DATA UNDER STUDY below:

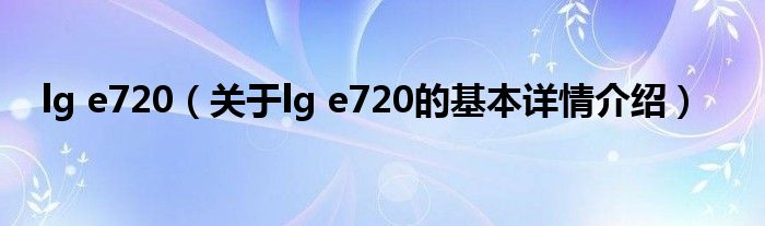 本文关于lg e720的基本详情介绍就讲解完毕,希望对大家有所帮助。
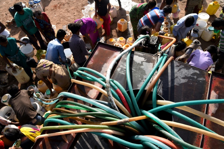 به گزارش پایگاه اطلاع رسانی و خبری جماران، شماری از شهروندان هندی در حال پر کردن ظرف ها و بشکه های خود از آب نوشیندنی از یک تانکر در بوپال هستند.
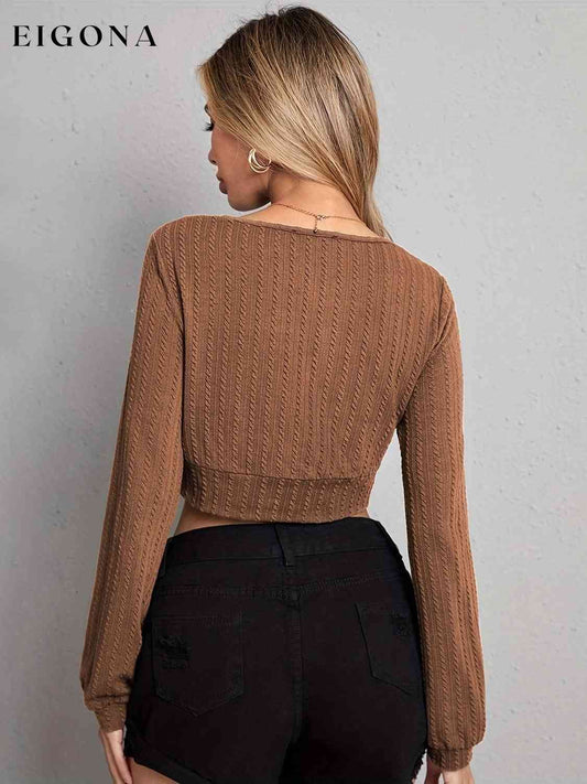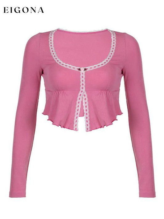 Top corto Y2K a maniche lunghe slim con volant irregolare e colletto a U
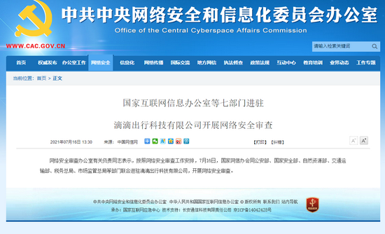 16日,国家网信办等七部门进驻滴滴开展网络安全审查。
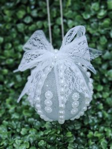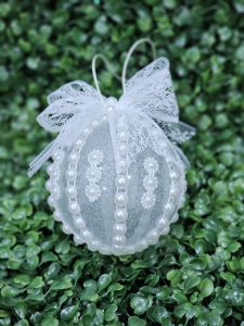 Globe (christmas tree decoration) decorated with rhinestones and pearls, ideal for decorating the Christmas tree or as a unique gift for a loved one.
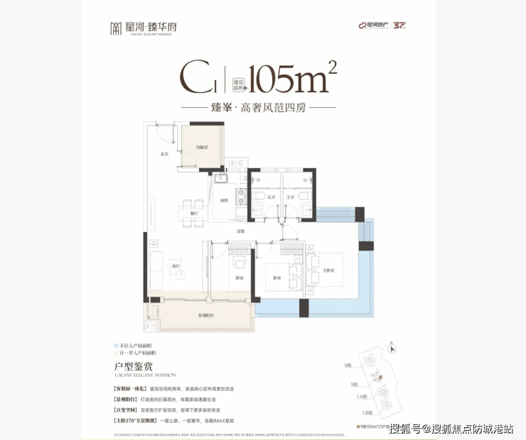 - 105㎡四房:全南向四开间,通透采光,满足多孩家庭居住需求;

End of DATA UNDER STUDY.

- **REQUIRED ACTION**
Could the lines above be copied out exactly, with no image carried over?

- **EXERCISE ANSWER**
 本文关于lg e720的基本详情介绍就讲解完毕,希望对大家有所帮助。
 به گزارش پایگاه اطلاع رسانی و خبری جماران، شماری از شهروندان هندی در حال پر کردن ظرف ها و بشکه های خود از آب نوشیندنی از یک تانکر در بوپال هستند.
 Top corto Y2K a maniche lunghe slim con volant irregolare e colletto a U
 16日,国家网信办等七部门进驻滴滴开展网络安全审查。
 Globe (christmas tree decoration) decorated with rhinestones and pearls, ideal for decorating the Christmas tree or as a unique gift for a loved one.
 - 105㎡四房:全南向四开间,通透采光,满足多孩家庭居住需求;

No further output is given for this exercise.